Hi, I’ve got high absolute error in torch.matmul. Here is my exmaple code.
import torch
from torch import tensor
def main():
torch.cuda.manual_seed(42)
mask = tensor([[0., 0., 0.], [1.0, 0., 0.]], device='cuda')
matrix = torch.randn(3, 3, device='cuda')
print(matrix)
res = torch.matmul(mask, matrix)
print(res)
if __name__ == "__main__":
main()
And the result is
tensor([[ 0.1940, 2.1614, -0.1721],
[ 0.8491, -1.9244, 0.6530],
[-0.6494, -0.8175, 0.5280]], device='cuda:0')
tensor([[ 0.0000, 0.0000, 0.0000],
[ 0.1940, 2.1621, -0.1720]], device='cuda:0')
where I got a high absolute error between 2.1614 and 2.1621. They are expected to be same in the result. But when I move all tensors to cpu, the result is correct. I wonder whether there is a problem in pytorch or cuda backend and how can I fix it.

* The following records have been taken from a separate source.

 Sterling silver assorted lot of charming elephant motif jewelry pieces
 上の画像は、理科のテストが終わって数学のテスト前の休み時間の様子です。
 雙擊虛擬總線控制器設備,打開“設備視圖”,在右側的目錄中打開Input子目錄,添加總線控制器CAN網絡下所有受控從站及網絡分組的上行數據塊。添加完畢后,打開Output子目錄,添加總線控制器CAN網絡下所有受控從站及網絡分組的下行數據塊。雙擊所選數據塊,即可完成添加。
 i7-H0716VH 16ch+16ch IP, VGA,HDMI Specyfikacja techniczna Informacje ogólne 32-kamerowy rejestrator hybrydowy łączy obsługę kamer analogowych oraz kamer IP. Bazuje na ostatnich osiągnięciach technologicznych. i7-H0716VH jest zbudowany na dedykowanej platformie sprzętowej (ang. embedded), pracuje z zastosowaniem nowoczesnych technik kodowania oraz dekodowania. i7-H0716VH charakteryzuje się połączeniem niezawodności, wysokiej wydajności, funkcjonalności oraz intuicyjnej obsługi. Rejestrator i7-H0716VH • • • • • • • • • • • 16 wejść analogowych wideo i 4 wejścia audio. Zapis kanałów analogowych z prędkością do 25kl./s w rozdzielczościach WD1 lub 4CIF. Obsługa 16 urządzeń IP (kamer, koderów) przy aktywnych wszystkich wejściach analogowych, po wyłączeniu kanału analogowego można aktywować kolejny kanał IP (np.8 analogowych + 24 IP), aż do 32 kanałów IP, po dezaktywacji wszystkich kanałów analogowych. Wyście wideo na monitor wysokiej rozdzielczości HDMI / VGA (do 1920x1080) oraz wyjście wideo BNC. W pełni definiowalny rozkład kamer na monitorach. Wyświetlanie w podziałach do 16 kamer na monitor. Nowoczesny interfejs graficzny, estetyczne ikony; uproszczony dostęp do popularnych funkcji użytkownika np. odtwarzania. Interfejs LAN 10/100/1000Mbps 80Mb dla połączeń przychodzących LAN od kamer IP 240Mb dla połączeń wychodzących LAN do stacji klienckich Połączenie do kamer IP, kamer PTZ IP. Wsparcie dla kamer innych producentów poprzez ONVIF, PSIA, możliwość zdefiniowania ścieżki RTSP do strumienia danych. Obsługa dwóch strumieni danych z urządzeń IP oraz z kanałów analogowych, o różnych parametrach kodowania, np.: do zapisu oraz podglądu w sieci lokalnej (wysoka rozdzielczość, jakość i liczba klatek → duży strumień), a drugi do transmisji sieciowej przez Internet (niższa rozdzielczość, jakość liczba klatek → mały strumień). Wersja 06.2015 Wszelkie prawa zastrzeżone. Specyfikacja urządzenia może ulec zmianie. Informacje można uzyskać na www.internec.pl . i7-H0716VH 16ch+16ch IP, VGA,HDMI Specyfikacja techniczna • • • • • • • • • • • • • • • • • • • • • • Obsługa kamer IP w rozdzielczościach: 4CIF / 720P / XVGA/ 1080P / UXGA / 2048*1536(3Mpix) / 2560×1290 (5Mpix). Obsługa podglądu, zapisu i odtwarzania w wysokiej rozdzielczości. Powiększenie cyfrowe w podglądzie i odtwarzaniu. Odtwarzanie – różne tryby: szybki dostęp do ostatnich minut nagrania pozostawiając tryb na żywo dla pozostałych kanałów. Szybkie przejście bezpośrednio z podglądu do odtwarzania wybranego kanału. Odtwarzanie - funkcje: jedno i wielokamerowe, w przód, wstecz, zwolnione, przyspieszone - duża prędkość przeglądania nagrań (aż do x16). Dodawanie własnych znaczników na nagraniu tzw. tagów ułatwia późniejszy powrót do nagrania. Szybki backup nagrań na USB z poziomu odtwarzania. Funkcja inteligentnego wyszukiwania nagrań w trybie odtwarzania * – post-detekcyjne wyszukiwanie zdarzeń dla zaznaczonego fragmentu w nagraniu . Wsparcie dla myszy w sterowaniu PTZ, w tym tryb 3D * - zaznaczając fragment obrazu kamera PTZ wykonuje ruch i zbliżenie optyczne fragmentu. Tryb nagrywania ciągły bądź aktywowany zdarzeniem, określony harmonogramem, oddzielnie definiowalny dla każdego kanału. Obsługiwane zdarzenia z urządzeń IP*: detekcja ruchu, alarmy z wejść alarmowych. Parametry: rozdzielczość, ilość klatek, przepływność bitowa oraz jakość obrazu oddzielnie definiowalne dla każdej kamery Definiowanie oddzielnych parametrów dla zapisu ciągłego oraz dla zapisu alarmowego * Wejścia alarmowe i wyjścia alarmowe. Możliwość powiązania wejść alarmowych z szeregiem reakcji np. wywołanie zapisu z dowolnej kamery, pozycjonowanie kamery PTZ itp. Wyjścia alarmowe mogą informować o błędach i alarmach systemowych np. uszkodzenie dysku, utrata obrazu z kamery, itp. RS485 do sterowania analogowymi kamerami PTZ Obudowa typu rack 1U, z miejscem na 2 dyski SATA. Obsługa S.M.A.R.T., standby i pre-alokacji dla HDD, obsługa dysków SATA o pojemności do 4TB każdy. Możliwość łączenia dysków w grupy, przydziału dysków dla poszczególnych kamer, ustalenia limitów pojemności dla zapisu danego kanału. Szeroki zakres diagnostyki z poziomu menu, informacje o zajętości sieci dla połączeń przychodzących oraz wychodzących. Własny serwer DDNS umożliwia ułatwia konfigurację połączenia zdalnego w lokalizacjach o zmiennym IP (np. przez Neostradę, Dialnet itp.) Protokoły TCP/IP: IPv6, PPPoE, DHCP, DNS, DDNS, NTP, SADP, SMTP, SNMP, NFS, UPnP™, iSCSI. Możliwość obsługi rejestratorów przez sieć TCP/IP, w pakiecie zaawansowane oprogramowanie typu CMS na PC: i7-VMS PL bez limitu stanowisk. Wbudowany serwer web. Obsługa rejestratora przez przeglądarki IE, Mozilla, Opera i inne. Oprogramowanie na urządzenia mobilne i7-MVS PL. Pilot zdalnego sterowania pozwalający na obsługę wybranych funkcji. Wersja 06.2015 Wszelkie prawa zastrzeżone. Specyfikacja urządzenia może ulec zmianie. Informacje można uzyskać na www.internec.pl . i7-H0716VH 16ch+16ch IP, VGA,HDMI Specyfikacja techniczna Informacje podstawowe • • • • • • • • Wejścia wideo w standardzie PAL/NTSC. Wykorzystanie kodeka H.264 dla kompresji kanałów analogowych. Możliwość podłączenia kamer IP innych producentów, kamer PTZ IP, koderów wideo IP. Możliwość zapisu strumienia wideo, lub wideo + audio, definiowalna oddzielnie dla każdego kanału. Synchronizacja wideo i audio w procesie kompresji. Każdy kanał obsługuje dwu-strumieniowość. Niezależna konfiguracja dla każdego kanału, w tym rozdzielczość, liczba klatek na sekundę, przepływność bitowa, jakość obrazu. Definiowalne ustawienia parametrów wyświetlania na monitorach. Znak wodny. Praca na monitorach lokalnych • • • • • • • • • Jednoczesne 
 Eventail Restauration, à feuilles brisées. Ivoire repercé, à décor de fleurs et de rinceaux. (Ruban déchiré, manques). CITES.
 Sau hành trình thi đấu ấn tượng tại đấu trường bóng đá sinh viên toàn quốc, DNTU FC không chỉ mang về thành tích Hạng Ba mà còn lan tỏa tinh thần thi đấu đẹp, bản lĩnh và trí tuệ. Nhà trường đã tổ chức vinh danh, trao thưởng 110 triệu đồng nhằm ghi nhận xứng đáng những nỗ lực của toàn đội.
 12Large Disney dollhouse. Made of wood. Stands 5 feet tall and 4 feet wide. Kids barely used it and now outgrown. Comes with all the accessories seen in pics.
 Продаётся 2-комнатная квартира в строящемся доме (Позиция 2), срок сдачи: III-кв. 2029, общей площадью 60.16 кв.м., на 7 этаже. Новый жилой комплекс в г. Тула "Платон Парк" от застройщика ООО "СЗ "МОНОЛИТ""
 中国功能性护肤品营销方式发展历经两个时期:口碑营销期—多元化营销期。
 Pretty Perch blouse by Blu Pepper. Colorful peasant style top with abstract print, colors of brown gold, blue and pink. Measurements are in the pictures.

My Pytorch version is 1.10.1+cu113 and CUDA toolkit version is 11.5.
PS:
As for my running environment, I first produced this issue in WSL2 and I can’t find out its actual cuda toolkit version. Because I just let it use the cuda library provided by the driver in Win. Installing a cuda toolkit of some specific version like 11.3 through apt will cause cuda become unavailable in Pytorch. So I can’t use nvcc to check the version of cuda toolkit in WSL2. Then I reproduced this problem in my server. The gpu of my server is A100 and I run the code in NGC Pytorch 21.11. The cuda toolkit version of my server is 11.5. But I still got the same problem.